**Exercise goal**
When you reach the line containing "The RIP-IT Vision", begin reproducing the material exactly, stop after the line containing "This poster design", and leave out any pictures along the way.

**Available data**
- - - - - - -

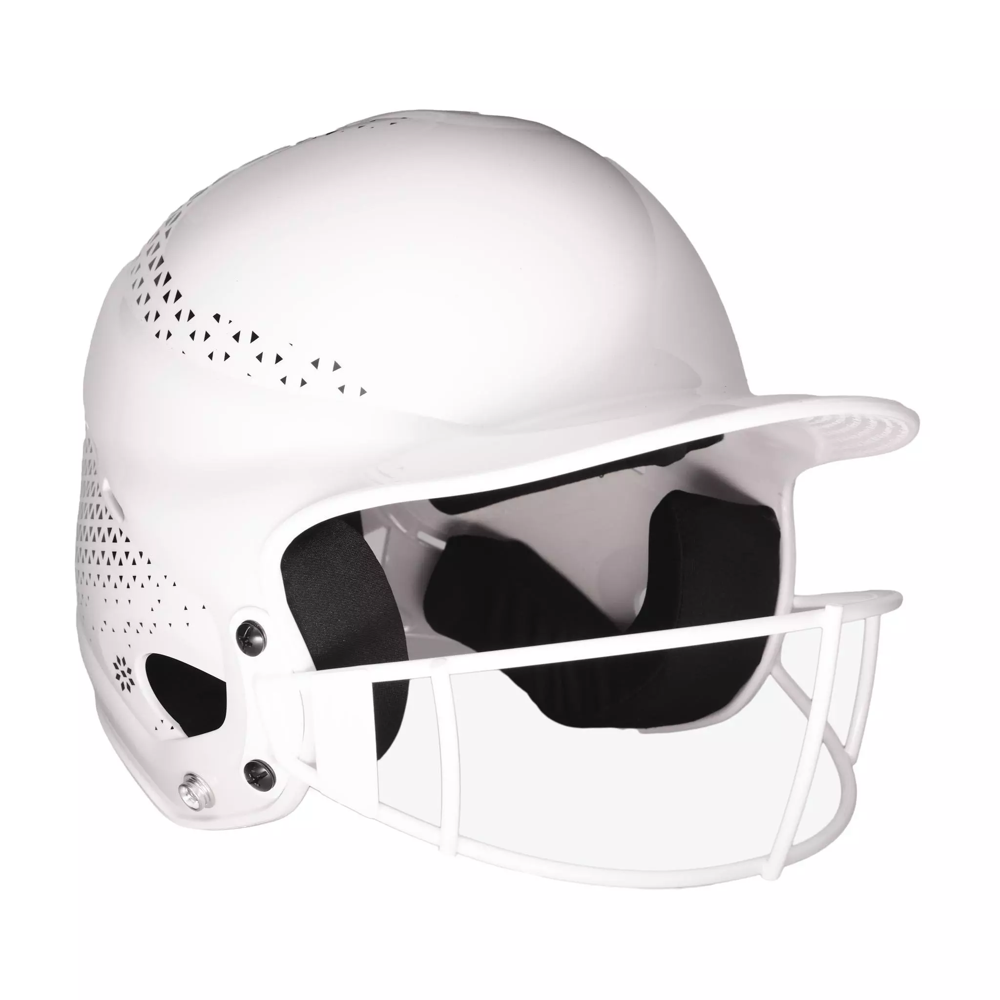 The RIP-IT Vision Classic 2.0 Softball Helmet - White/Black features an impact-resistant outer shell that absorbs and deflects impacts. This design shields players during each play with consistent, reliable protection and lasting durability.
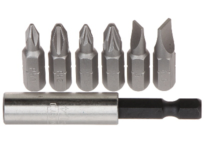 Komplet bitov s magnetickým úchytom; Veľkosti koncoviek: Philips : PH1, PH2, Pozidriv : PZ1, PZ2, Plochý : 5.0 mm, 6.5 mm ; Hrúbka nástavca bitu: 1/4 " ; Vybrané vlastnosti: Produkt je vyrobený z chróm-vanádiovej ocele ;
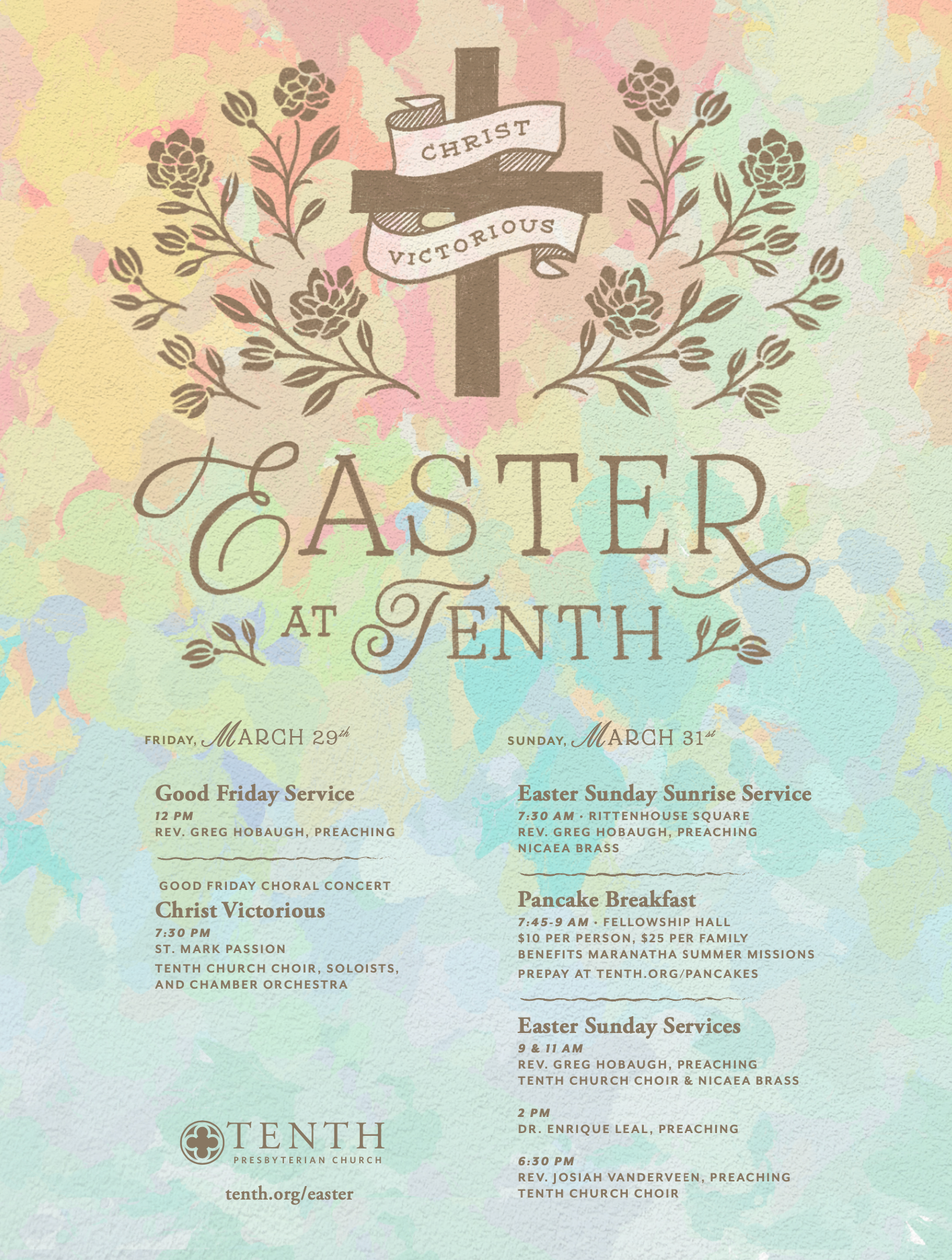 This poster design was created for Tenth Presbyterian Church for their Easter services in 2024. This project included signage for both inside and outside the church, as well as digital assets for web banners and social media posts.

- - - - - - -

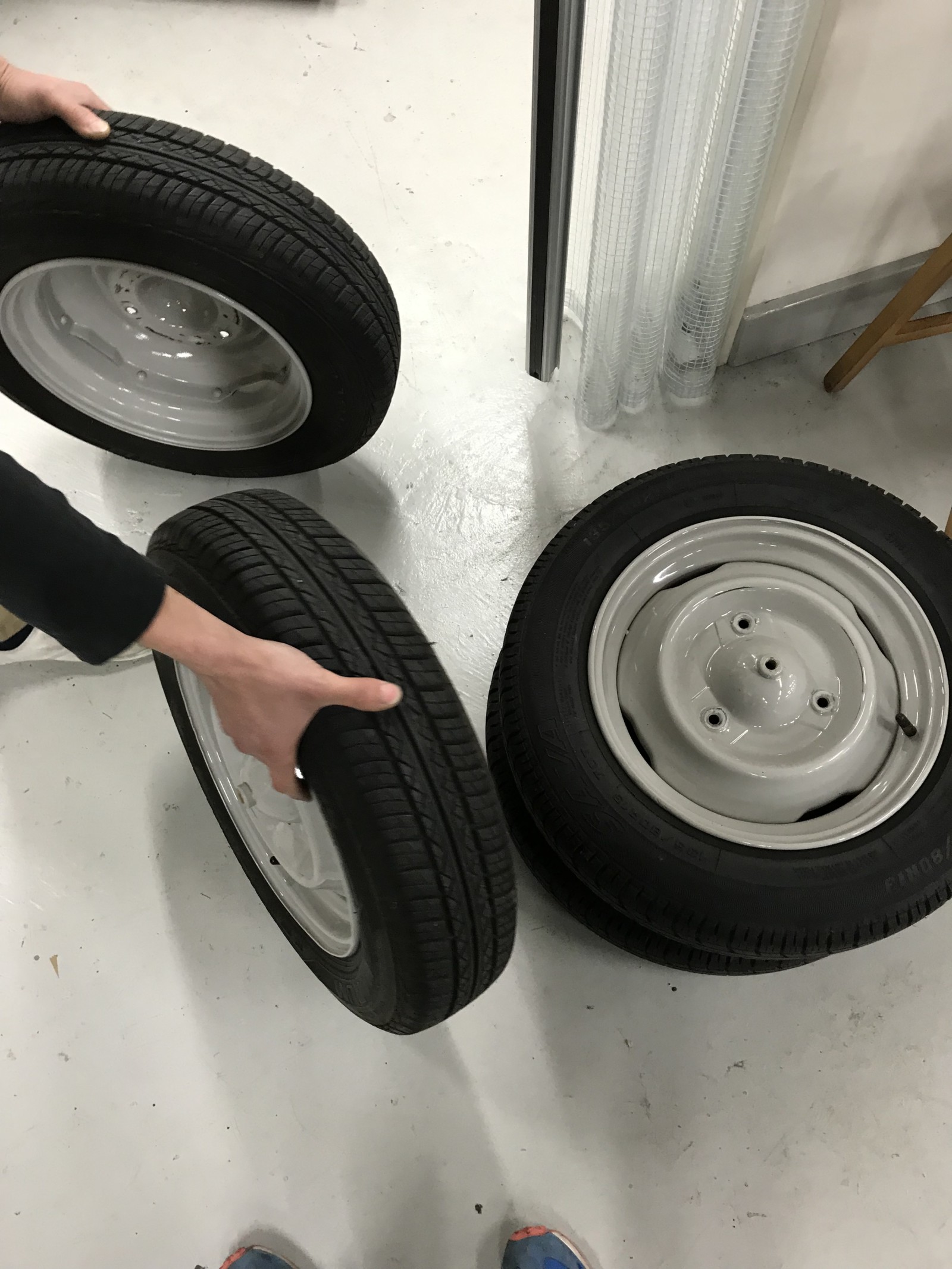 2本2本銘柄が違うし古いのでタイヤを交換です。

- - - - - - -

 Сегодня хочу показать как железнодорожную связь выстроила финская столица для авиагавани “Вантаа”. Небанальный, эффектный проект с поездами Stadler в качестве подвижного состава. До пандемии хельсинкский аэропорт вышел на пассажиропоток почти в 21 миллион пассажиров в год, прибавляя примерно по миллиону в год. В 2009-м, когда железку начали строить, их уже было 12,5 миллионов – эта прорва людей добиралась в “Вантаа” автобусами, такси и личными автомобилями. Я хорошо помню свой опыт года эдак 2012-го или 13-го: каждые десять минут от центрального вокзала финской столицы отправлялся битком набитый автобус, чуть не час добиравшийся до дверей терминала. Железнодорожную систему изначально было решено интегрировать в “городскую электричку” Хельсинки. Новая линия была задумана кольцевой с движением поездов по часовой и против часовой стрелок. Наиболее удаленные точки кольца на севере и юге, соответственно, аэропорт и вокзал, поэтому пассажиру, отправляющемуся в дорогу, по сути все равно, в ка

- - - - - - -

**Answer below**
 The RIP-IT Vision Classic 2.0 Softball Helmet - White/Black features an impact-resistant outer shell that absorbs and deflects impacts. This design shields players during each play with consistent, reliable protection and lasting durability.
 Komplet bitov s magnetickým úchytom; Veľkosti koncoviek: Philips : PH1, PH2, Pozidriv : PZ1, PZ2, Plochý : 5.0 mm, 6.5 mm ; Hrúbka nástavca bitu: 1/4 " ; Vybrané vlastnosti: Produkt je vyrobený z chróm-vanádiovej ocele ;
 This poster design was created for Tenth Presbyterian Church for their Easter services in 2024. This project included signage for both inside and outside the church, as well as digital assets for web banners and social media posts.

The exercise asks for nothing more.